= Task =
In the records below, find the line with "SHEIN Privé Solid" and repeat exactly every line from it through the line with "Grunge Punk Shorts". Pictures stay out.
=== Given data ===
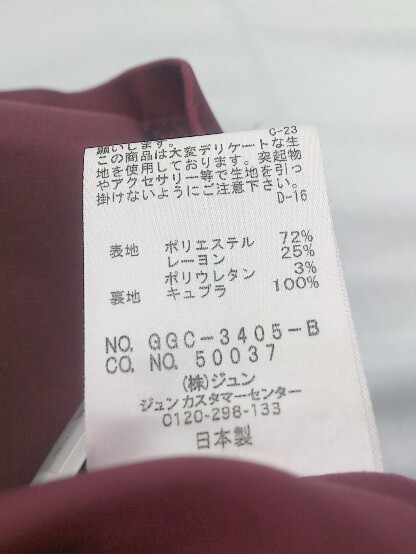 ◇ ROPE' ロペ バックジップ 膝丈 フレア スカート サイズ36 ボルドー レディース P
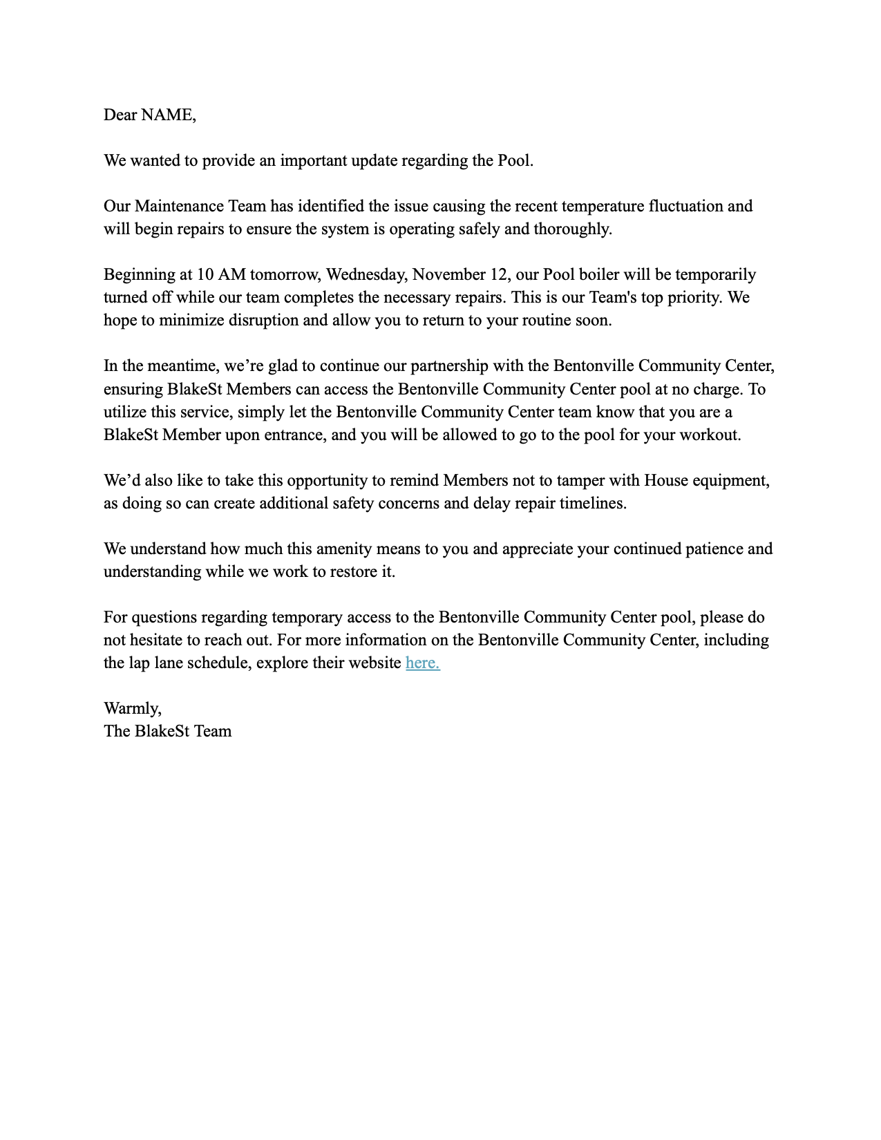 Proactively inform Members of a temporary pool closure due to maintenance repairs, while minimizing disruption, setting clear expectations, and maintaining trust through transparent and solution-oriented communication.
===
=== Given data ===
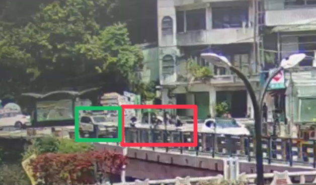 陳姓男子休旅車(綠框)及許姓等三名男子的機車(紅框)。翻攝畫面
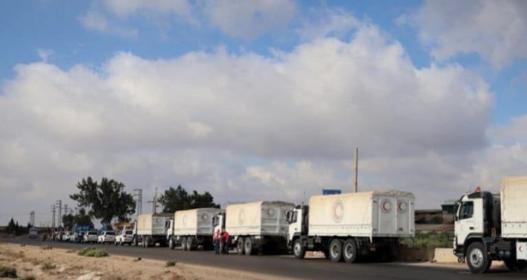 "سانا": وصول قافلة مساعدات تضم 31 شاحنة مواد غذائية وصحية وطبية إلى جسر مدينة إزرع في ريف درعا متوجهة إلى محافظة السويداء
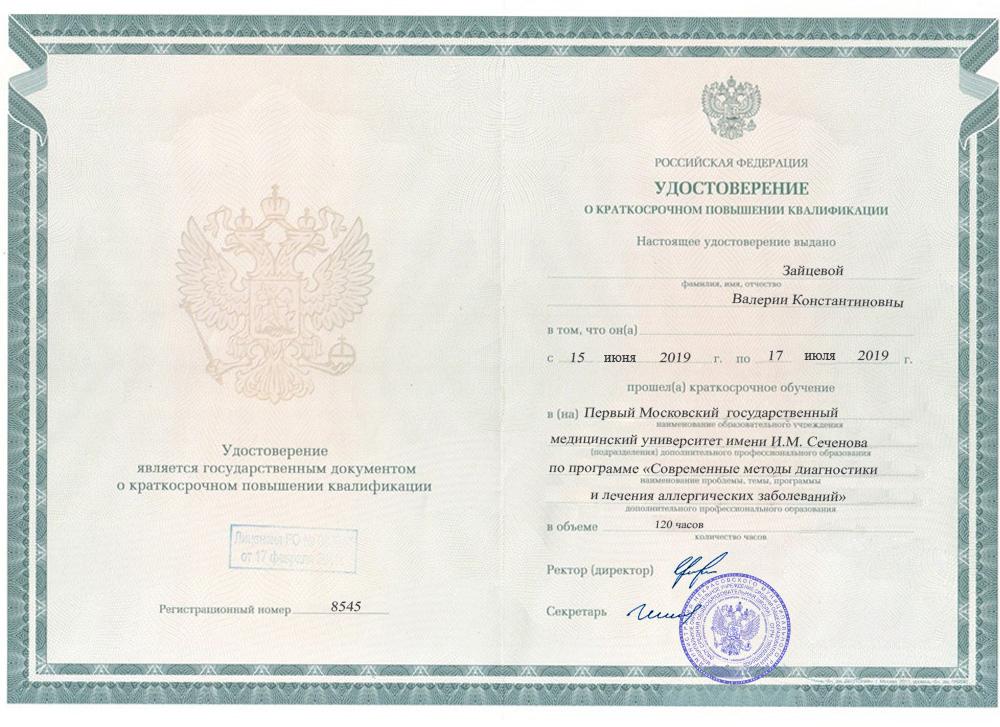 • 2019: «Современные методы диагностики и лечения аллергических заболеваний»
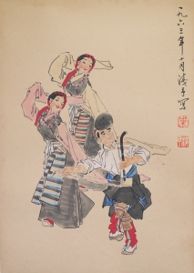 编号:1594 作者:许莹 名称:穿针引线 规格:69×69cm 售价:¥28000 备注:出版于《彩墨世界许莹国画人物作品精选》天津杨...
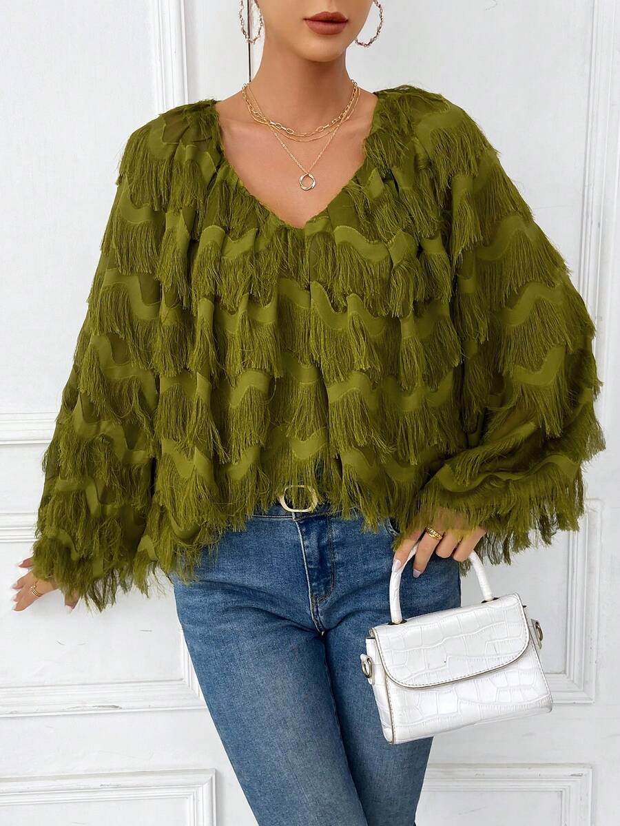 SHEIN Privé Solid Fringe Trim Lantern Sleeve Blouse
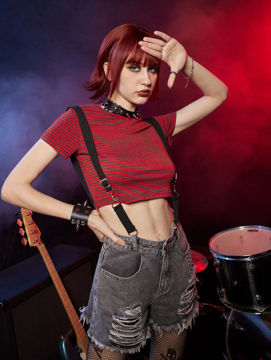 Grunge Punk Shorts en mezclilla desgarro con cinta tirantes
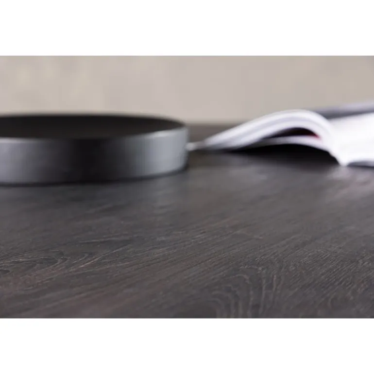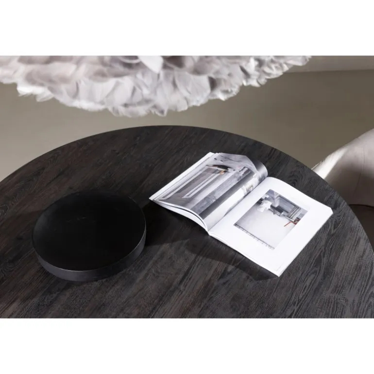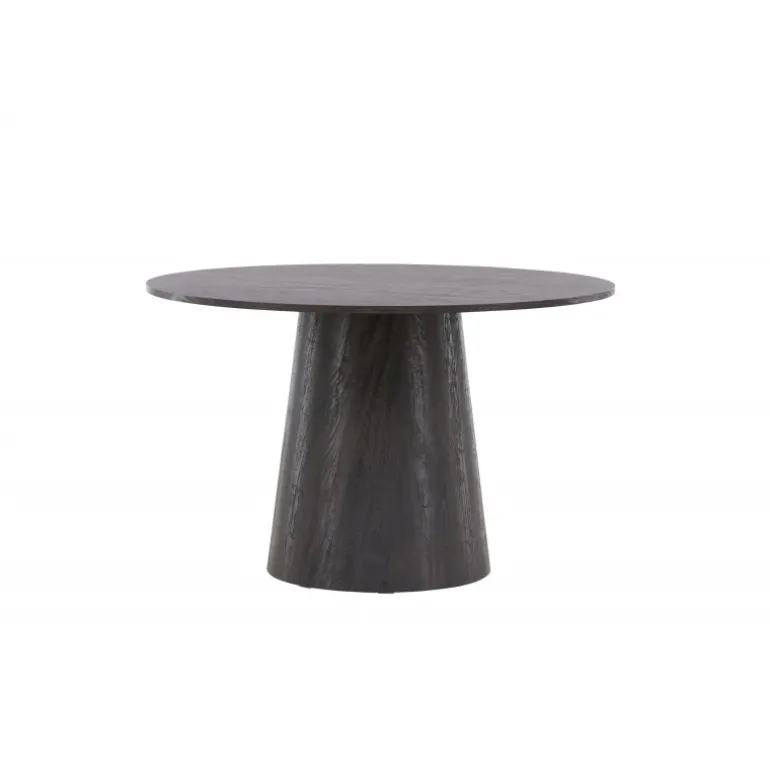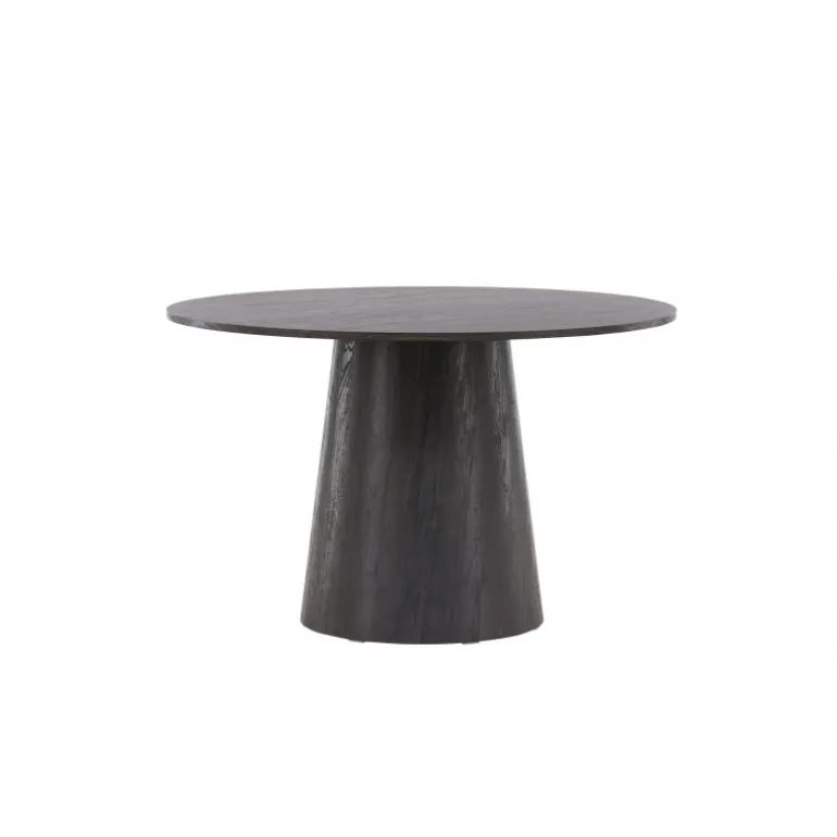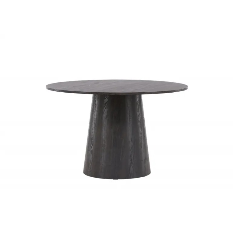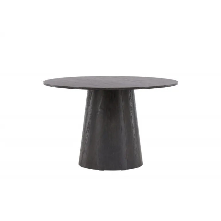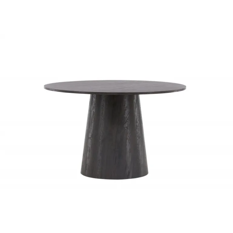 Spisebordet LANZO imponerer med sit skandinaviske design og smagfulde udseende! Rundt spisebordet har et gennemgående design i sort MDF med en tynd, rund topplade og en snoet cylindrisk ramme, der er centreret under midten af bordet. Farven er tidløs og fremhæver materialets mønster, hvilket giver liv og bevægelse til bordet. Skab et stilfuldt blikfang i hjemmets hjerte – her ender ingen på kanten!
===
= Response area =
 SHEIN Privé Solid Fringe Trim Lantern Sleeve Blouse
 Grunge Punk Shorts en mezclilla desgarro con cinta tirantes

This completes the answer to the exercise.